-- Exercise aim --
Please transcribe the data below in full, word for word, without the images.

-- Exercise material --
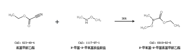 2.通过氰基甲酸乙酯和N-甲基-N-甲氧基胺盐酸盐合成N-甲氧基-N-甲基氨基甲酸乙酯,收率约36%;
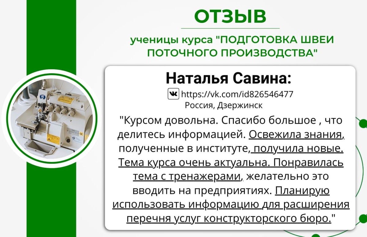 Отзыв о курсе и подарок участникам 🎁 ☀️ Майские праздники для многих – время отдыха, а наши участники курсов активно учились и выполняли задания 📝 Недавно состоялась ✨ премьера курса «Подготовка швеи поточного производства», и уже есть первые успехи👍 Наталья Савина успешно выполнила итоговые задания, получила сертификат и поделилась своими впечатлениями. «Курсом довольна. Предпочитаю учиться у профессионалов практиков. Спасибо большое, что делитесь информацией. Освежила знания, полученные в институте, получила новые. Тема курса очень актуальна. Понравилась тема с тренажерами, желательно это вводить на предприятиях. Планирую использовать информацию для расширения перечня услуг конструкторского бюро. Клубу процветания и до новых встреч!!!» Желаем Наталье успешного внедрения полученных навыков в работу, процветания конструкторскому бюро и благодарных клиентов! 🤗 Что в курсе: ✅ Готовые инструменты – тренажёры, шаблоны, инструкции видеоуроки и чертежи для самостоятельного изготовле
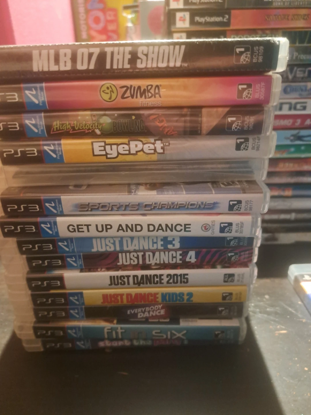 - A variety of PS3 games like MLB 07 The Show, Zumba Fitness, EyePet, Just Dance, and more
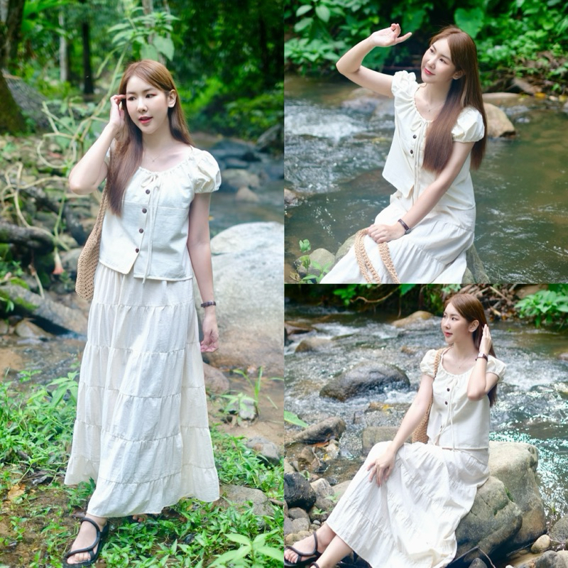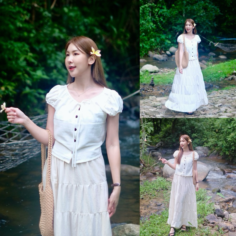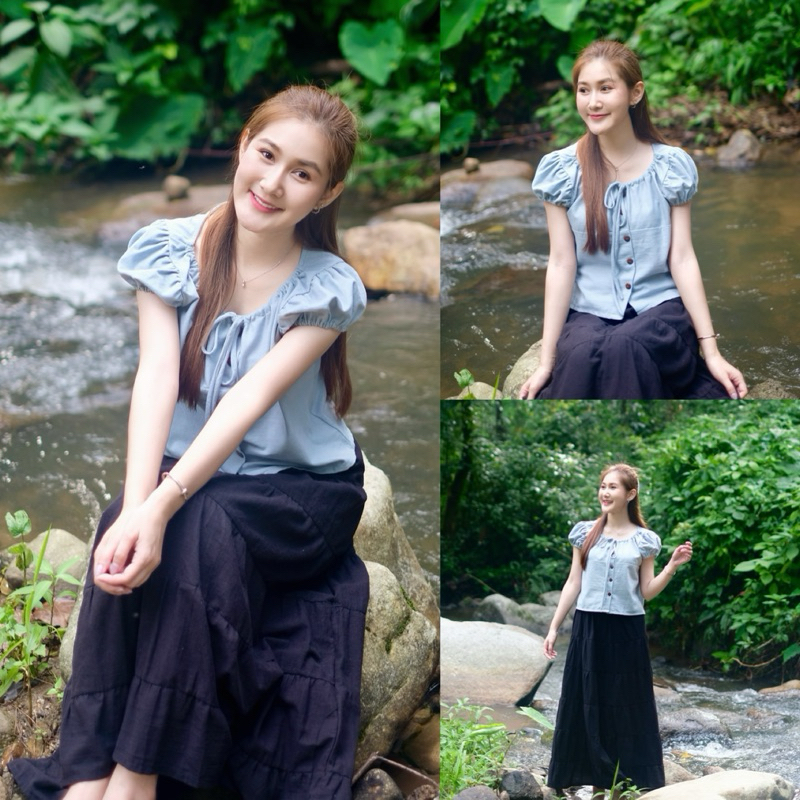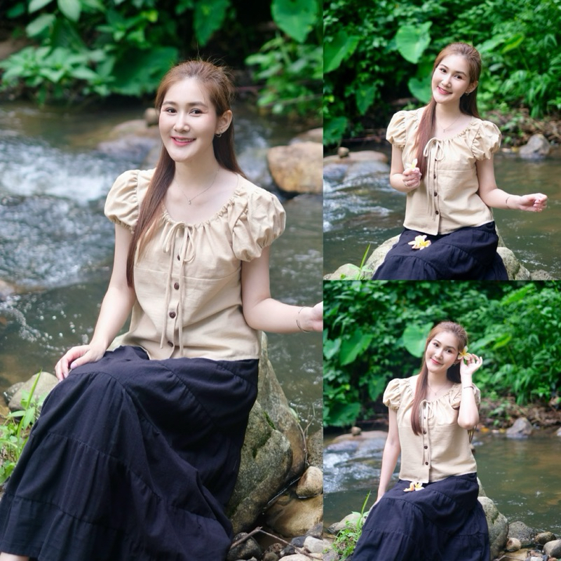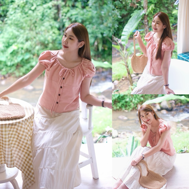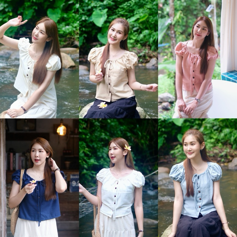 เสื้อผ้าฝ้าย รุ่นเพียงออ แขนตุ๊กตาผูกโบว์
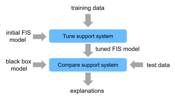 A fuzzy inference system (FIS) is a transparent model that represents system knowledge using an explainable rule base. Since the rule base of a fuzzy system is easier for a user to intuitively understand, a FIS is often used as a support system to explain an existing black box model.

-- Task result --
 2.通过氰基甲酸乙酯和N-甲基-N-甲氧基胺盐酸盐合成N-甲氧基-N-甲基氨基甲酸乙酯,收率约36%;
 Отзыв о курсе и подарок участникам 🎁 ☀️ Майские праздники для многих – время отдыха, а наши участники курсов активно учились и выполняли задания 📝 Недавно состоялась ✨ премьера курса «Подготовка швеи поточного производства», и уже есть первые успехи👍 Наталья Савина успешно выполнила итоговые задания, получила сертификат и поделилась своими впечатлениями. «Курсом довольна. Предпочитаю учиться у профессионалов практиков. Спасибо большое, что делитесь информацией. Освежила знания, полученные в институте, получила новые. Тема курса очень актуальна. Понравилась тема с тренажерами, желательно это вводить на предприятиях. Планирую использовать информацию для расширения перечня услуг конструкторского бюро. Клубу процветания и до новых встреч!!!» Желаем Наталье успешного внедрения полученных навыков в работу, процветания конструкторскому бюро и благодарных клиентов! 🤗 Что в курсе: ✅ Готовые инструменты – тренажёры, шаблоны, инструкции видеоуроки и чертежи для самостоятельного изготовле
 - A variety of PS3 games like MLB 07 The Show, Zumba Fitness, EyePet, Just Dance, and more
 เสื้อผ้าฝ้าย รุ่นเพียงออ แขนตุ๊กตาผูกโบว์
 A fuzzy inference system (FIS) is a transparent model that represents system knowledge using an explainable rule base. Since the rule base of a fuzzy system is easier for a user to intuitively understand, a FIS is often used as a support system to explain an existing black box model.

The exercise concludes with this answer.